In January 1914, a U.S. Circuit Court of Appeals upheld the verdict in favor of the Wrights against Curtiss, whose company continued to avoid penalties through legal tactics and because Orville was planning to sell the Wright company and did not follow-up the legal victory. In 1917, with World ‘War I underway, the U.S. goverment stepped in to supervise a cross-licensing organization in which member companies paid a blanket fee for using Aviation patents, including the original and subsequent from Wright. The Wright-Martin (successor to the Wright Company) and the Curtiss Companies (which held a number of its own patents) each received a US$ 2 million payment. The patent war ended, although side issues lingered in the courts until the 1920s. In a twist of irony, the Wright ‘Aeronautical company (another successor) and the Curtiss Airplane Company merged in 1929 to form the Curtiss-Wright corporation, which remains in business today producing high-technology components for the aerospace industry.

The lawsuits damaged the public image of the Wright brothers, who were generally regarded as heroes. Critics said the brothers were greedy and unfair. Supporters said the brothers were protecting their interests and were justified in expecting fair compensation for secrets of their invention. The brothers long friendship with Octave Chanute collapsed after he publicly criticized their actions.

Demoiselle and Farman airplanes in the United States
Figure 16. Demoiselle and Blériots airplanes taking part in an air show in Texas, United States, January 1910.

The Demoiselle took part in some air shows in the United States (Fig. 16) in early 1910s. Most of the planes displayed in those events were French. They contributed to the development of the North American Aviation. When William Boeing witnessed an air show in 1910, where Farman airplanes played a major role, Aviation became an instant obsession. The show was a catalyst that would lead him to build his own plane and start his own airplane company, Pacific Aero Products, in 1916. This company evolved into the worldwide known Boeing Co.


Table 1 displays the impressive progress of the solution of the heavier-than-air flight issue (FlightGlobal, 1909b). All achievements were recorded by Aéro-Club de France. Although Wilbur Wright had settled down in France in 1907, he was only able to deliver a remarkable performance in late 1908, after he incorporated the European technology. The brothers did not take part in the trophy organized by the Scientific American in the U.S for a 1-km flight journey. Curtiss won the competition with its “June Bug” biplane.

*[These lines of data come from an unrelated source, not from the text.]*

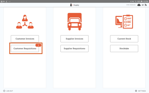 On the home screen, an orange badge on the Customer Requisitions button indicates how many pending Customer Requisitions you have, if any (in this example, there is one pending Customer Requisition).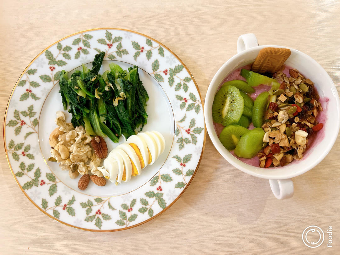 紫薯酸奶碗,鸡蛋➕坚果,蔬菜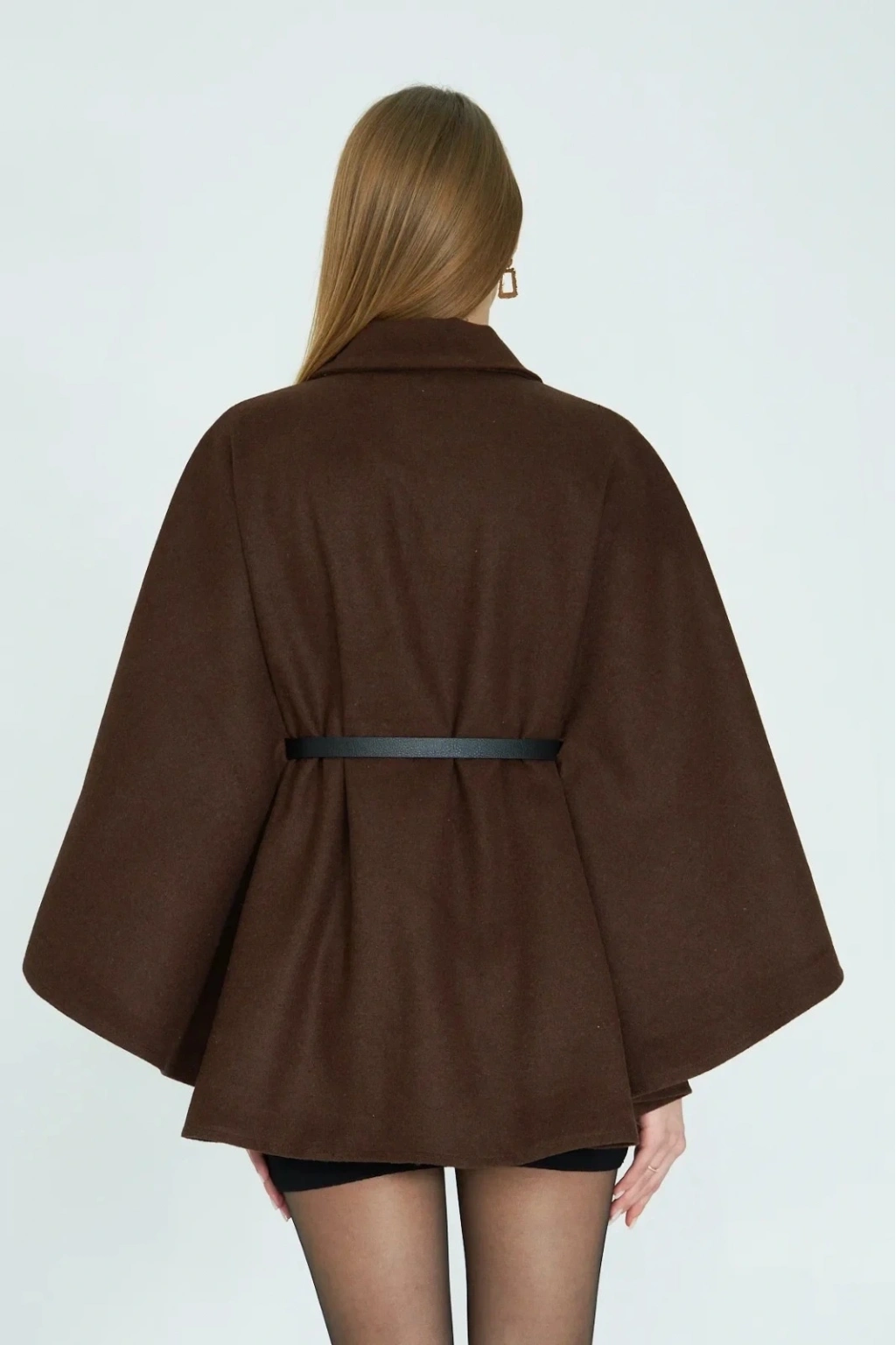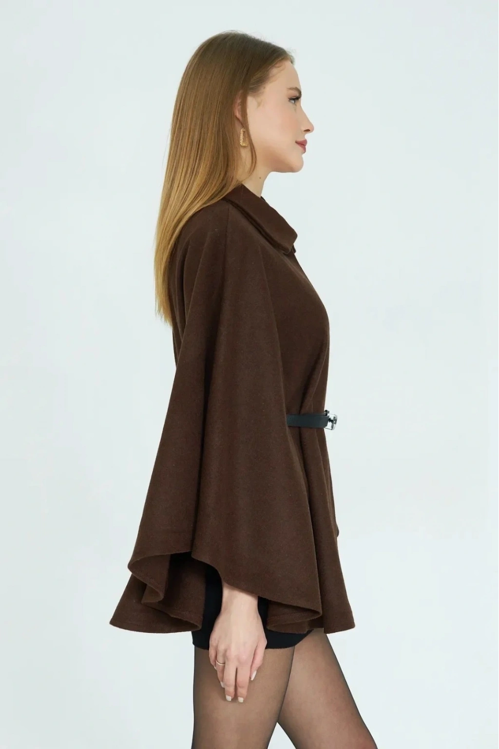 Kahve rengi kemerli kaşe panço şıklık ve rahatlığı bir arada sunuyor. Soğuk havalarda sıcacık tutarken, şık tasarımıyla her kombini tamamlıyor.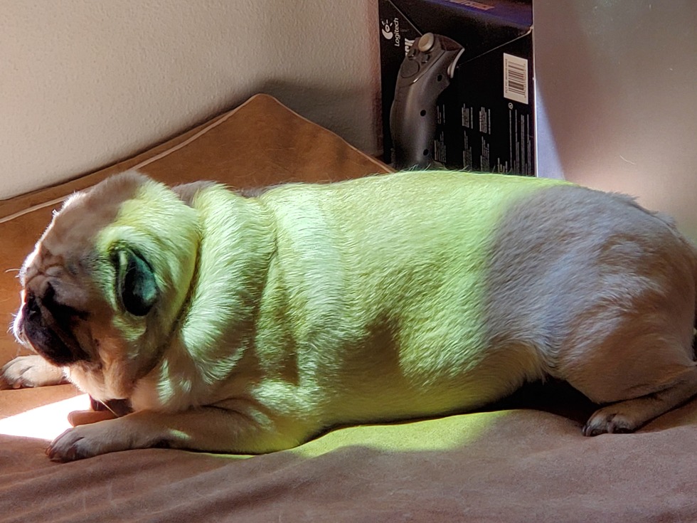 Mattie is my 4 yo pug, destined to be a couch potato. She knows when dinner time is here, and will show up in my office to remind me.
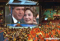 布什的兩個雙胞胎女兒芭芭拉和詹娜出現(xiàn)在共和黨大會的講臺上,為爸爸衛(wèi)冕總統(tǒng)助陣。作者:趙海燕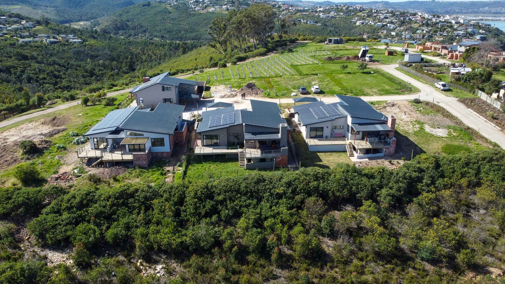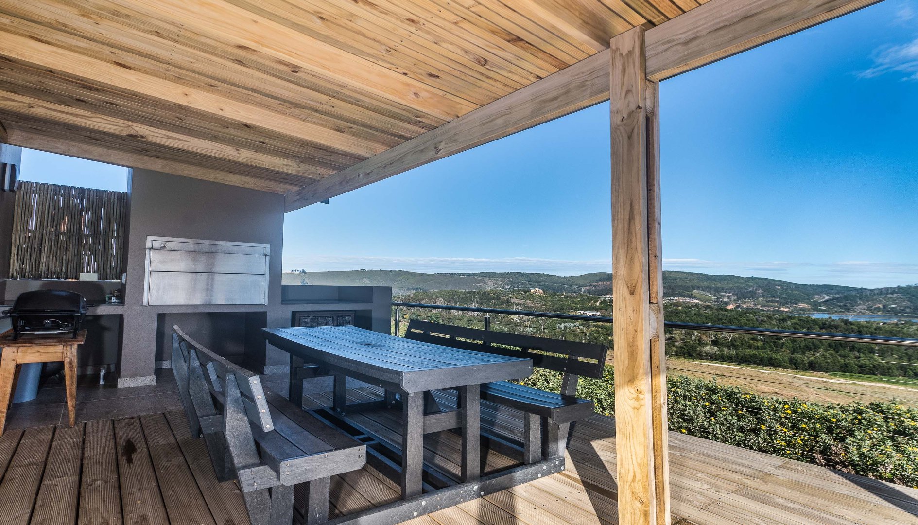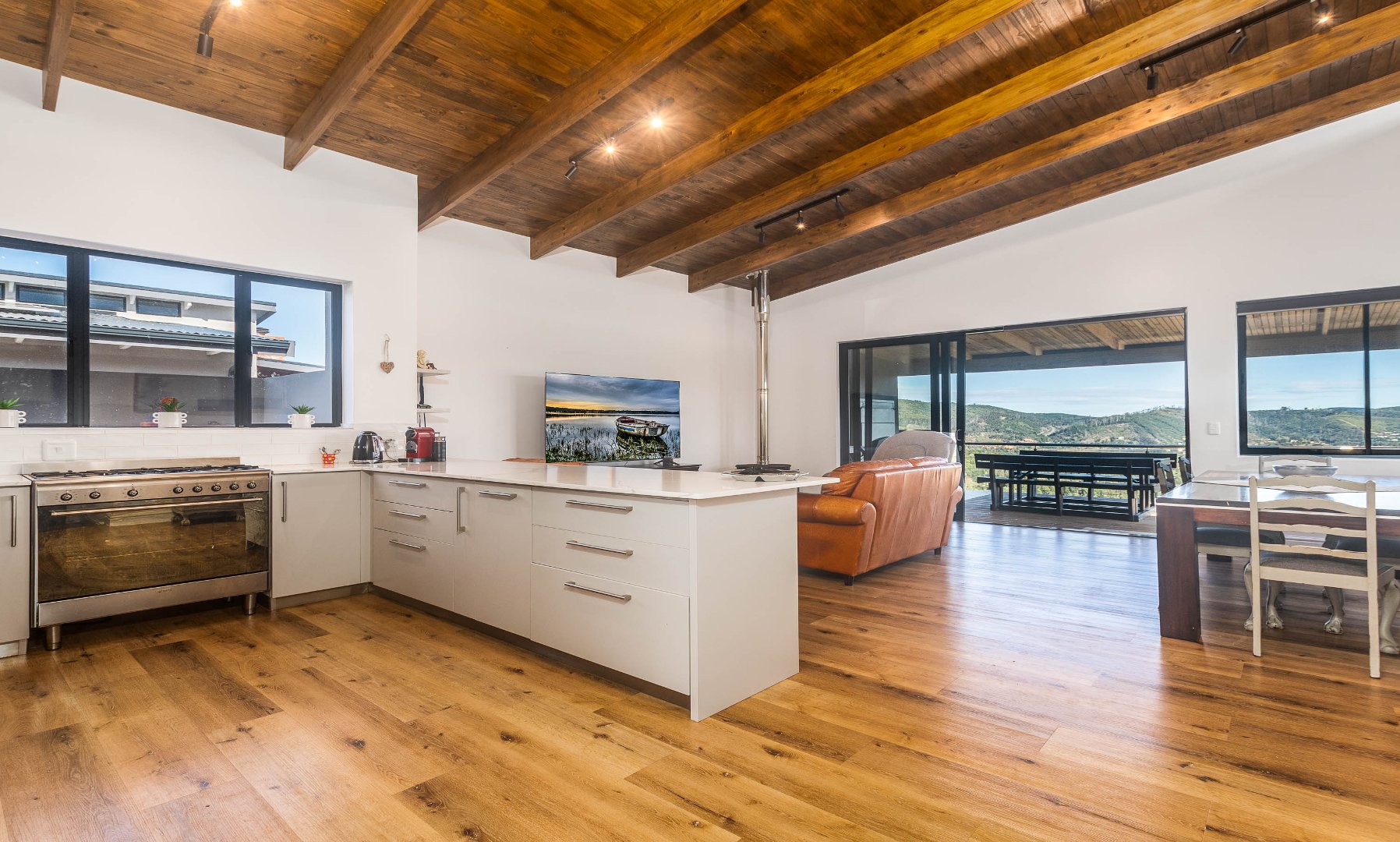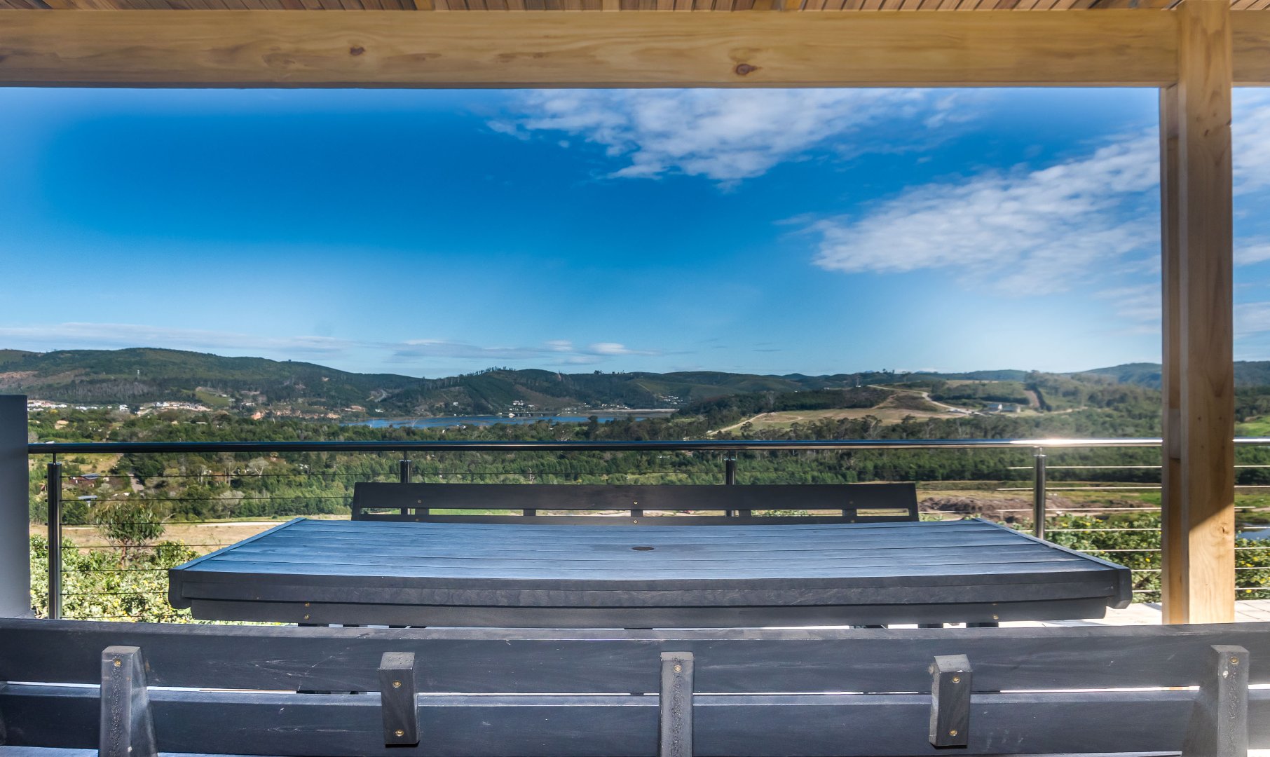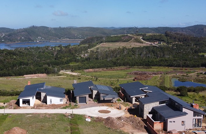 Exclusively Marketed by Rengrow. This home is a must see. Newly built home in new Private Estate in Welbedacht, Knysna. The home offers three bedrooms, two and a half bathrooms, open plan living area with built in fireplace. Under cover patio with built in braai and views of the lagoon up river and the mountain range.

Figure 17 is a diagram illustrating the relationship between weight-to-wing area and weight-to-power ratio for several single-engine airplanes. The Wright brothers continuously improved the weight-to-power ratio of their machines. However, the graphic shows that the Flyer figures are higher than any single-engine piston-powered aircraft of all time. This explains the need for a catapult-launching system or suitable wind conditions to takeoff for the later versions; the first two ones can be considered an underpowered glider. Even considering the PIK-20E motor-glider, fitted with a retractable Rotax 505 engine, we have obtained values quite different for that from a flyer. For this aircraft, weight-to-wing area and weight-to power ratios are 47 and 10.9, respectively (Wikipedia, 2011).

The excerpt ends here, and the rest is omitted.